Research Talk: Mechanistic Interpretability for AI Safety: Insights and Contributions
Title: Mechanistic Interpretability for AI Safety: Insights and Contributions
Speaker: Dr. Fazl Barez
Description: On August 21, Dr. Fazl Barez from Oxford University visited DTC and gave seminars on two topics, one on “Mechanistic Interpretability for AI Safety: Insights and Contributions” and the other one on “Unlearning and Relearning in Large Language Models”. For the first topic, Dr. Barez introduced the emerging field of Mechanistic Interpretability (MI) and explained how it can help to understand how and why an AI system produces specific outputs based on its internal workings. He covered techniques like activation patching, causal tracing, and sparse autoencoders, used to reverse-engineer model behaviors and identify critical computational pathways.

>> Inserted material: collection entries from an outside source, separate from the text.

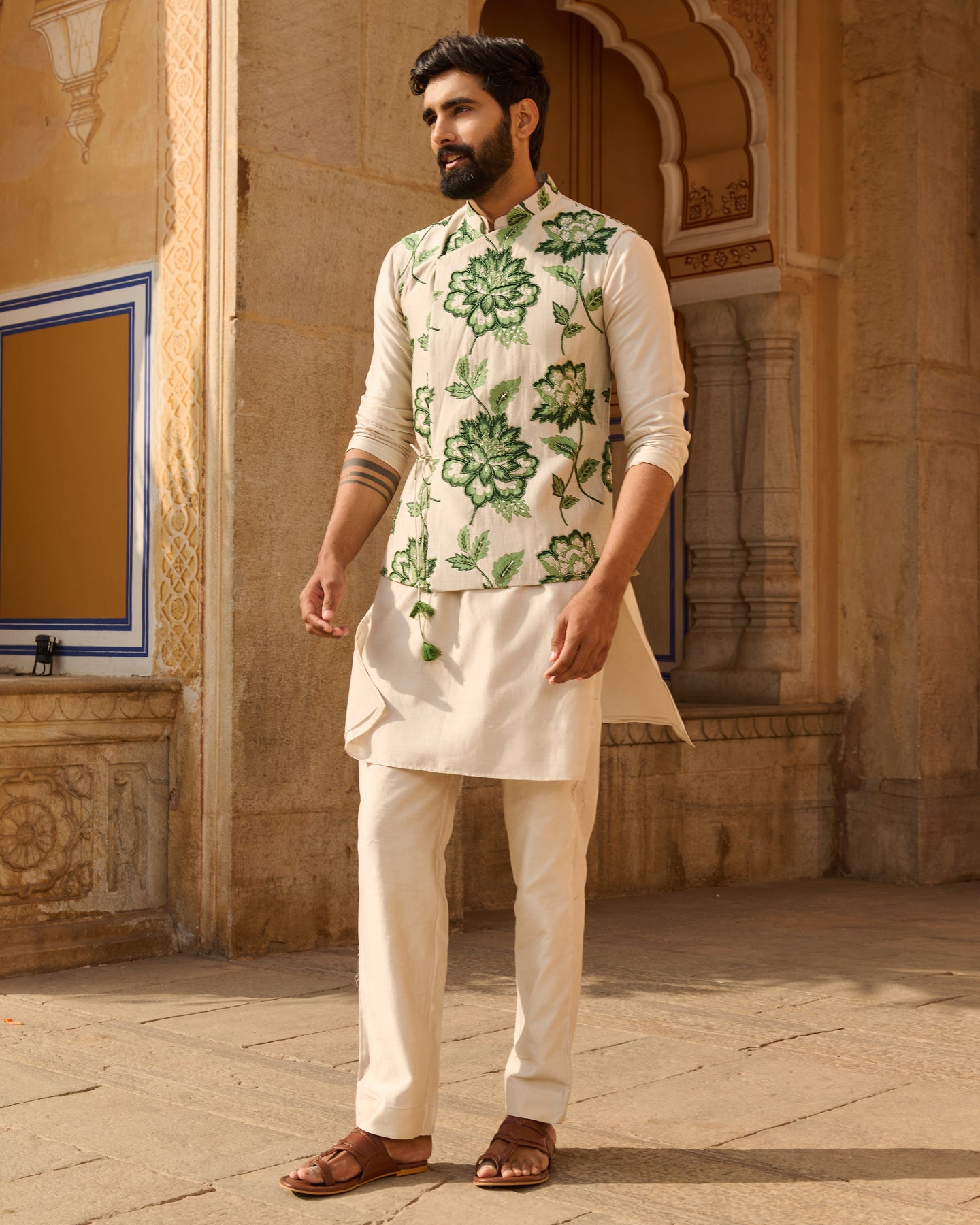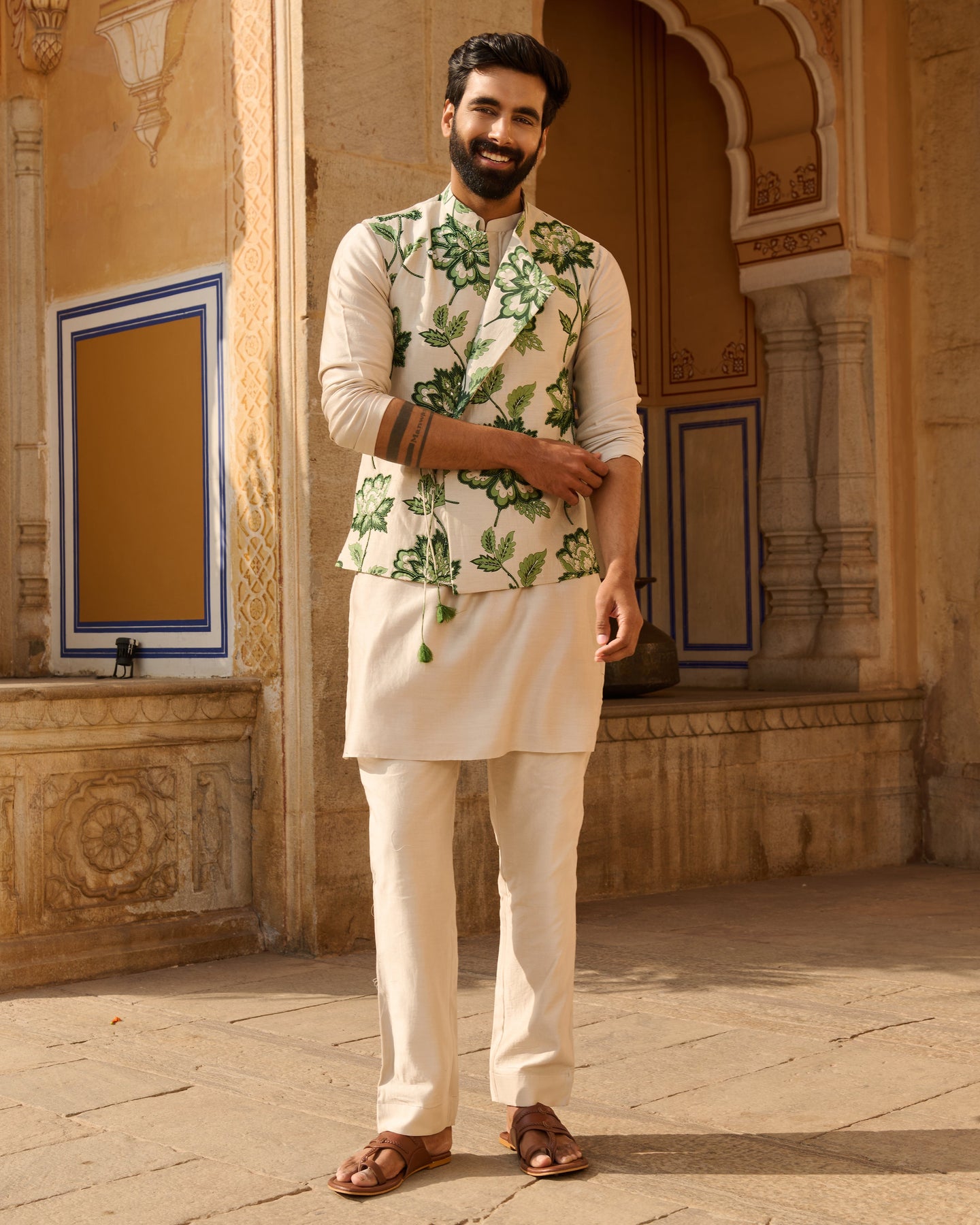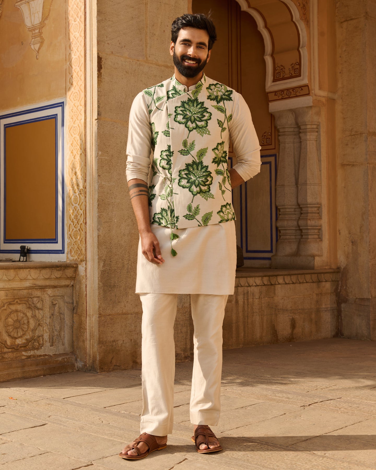Omkar Grey Printed Chanderi Jacket And Kurta Set
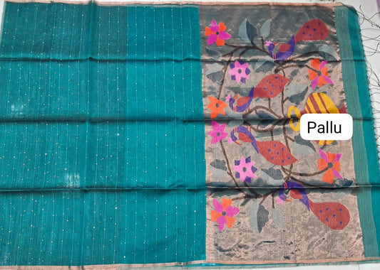 Sold outRama Green Semi Linen Saree
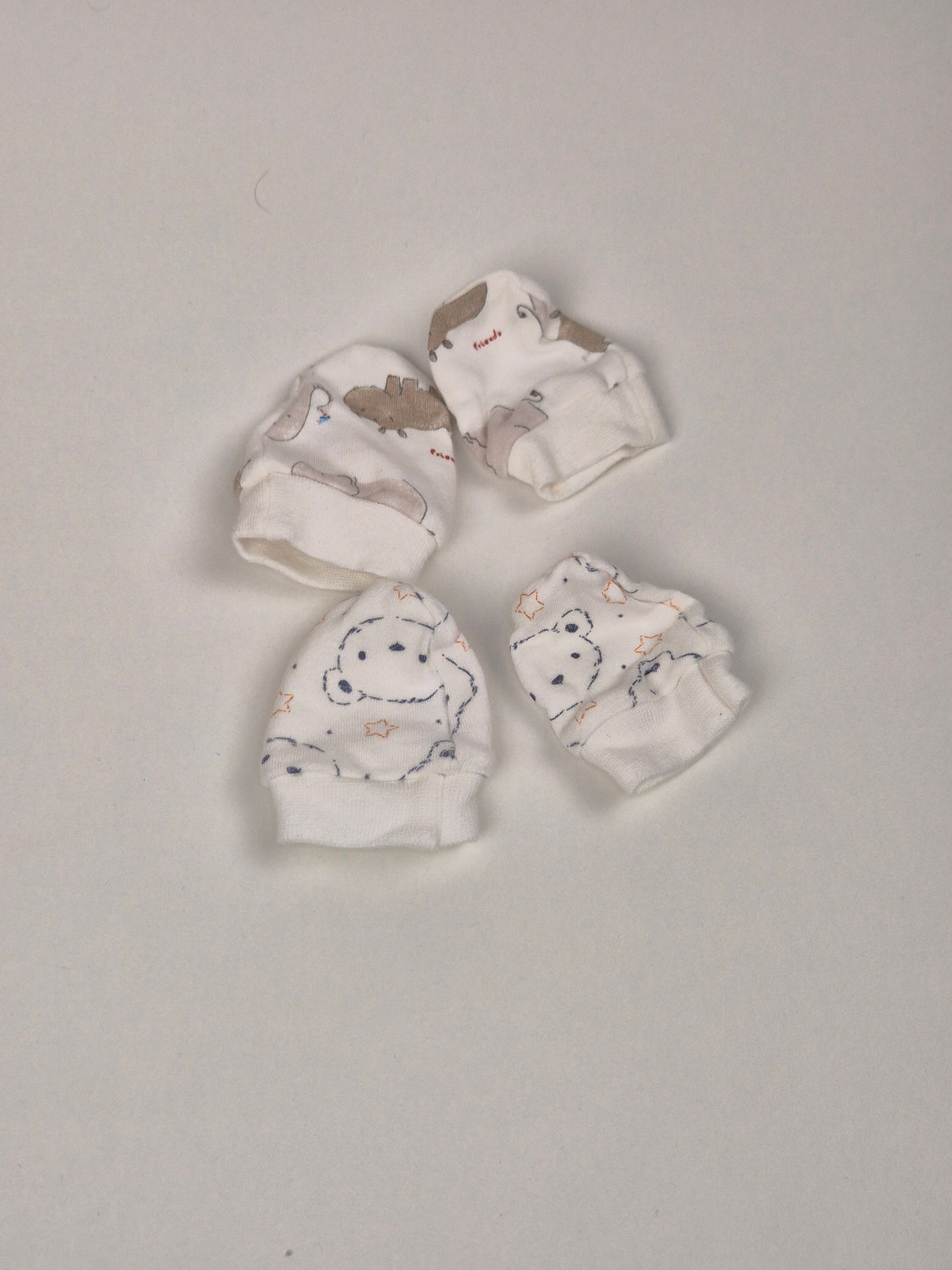 Oba páry jsou v jemných neutrálních barvách – bílé s motivem zvířátek a hvězdiček, vhodné pro holčičku i chlapečka.

For the second topic, Dr. Barez discussed the importance and challenges of removing undesirable concepts from large language models to prevent their relearning, even after fine-tuning. The presentation concluded with a discussion of the broader implications for AI safety, focusing on the challenges and opportunities in making AI systems more transparent, controllable, and aligned with human values. After the talk, there was a follow-up discussion on how NTU and Oxford University can collaborate on these two areas.